Enraged at the injustice of the situation, Harry pointed at the sleeve of Wilkins' coat and whispered, "Incendio!" Flames erupted across the other boy's arm as shouts of surprise and horror - mixed with several expletives - filled the corridor. Wilkins dropped the boy and tore the coat from his shoulders, throwing it to the floor and stomping on it to smother the flames. The fire was out within seconds, and Harry - along with the small boy whom Wilkins had been trying to rob - slipped inconspicuously into the crowd of students who were heading to supper.

Supper that evening was a slow, unappetizing affair, as always, and Harry retired to his room early. It surprised him that the staff still hadn't moved him back in with the other boys, although quite honestly he was glad for the security that his cell provided. Had he been unable to leave at will, as the staff believed, he probably would have hated the arrangement. As things really stood, however, he rather liked it.

Just as he had every evening since Hassseth's return from hibernation, Harry finished his homework quickly (and rather sloppily), and then chatted with the small snake in between sets of his nightly workout. Although his muscles had long since recovered from the atrophy that came as a result of spending so much time in a hospital bed at the end of the previous term, he had grown accustomed to the exercises, and so continued doing them. Tonight, however, Harry finished his workout much more quickly than usual, and settled down on the floor to talk with his serpentine friend.

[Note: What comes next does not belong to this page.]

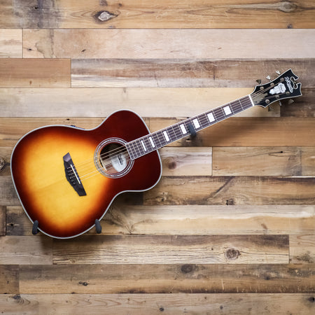 The new Premier Tammany brings the subtler Art Deco stylings of mid-century New York to a classic OM acoustic, featuring a contrasting top pinstripe, archtop-inspired Scalini pickguard, and Antique Bronze hardware. Offering tremendous quality at an accessible pricepoint, the Tammany features a solid spruce top, laminated mahogany back and sides, and a Fishman Presys VT onboard preamp. A remarkably comfortable mahogany neck capped with a rosewood fingerboard provides excellent playability as well as warm, well-balanced sound. With a thin satin finish, the Premier Tammany yields sweet, singing tone that opens up beautifully over time.

After chatting for some time about the uselessness of school and the difficulties of life as a snake in close proximity with humans, Hassseth inquired, "What's troubling you, Harry?" She curled her body into a tight coil and raised her head up in the air so that she would be able to look him in the eye.

"Nothing," Harry answered, trying to keep his voice even and calm. "Why?"

Hassseth suddenly whipped her head around to the right, flicking her forked tongue rapidly in and out of her mouth.

"Maybe I should be asking what's troubling you," Harry added.

"I smell a rat," hissed the snake. "I'm hungry."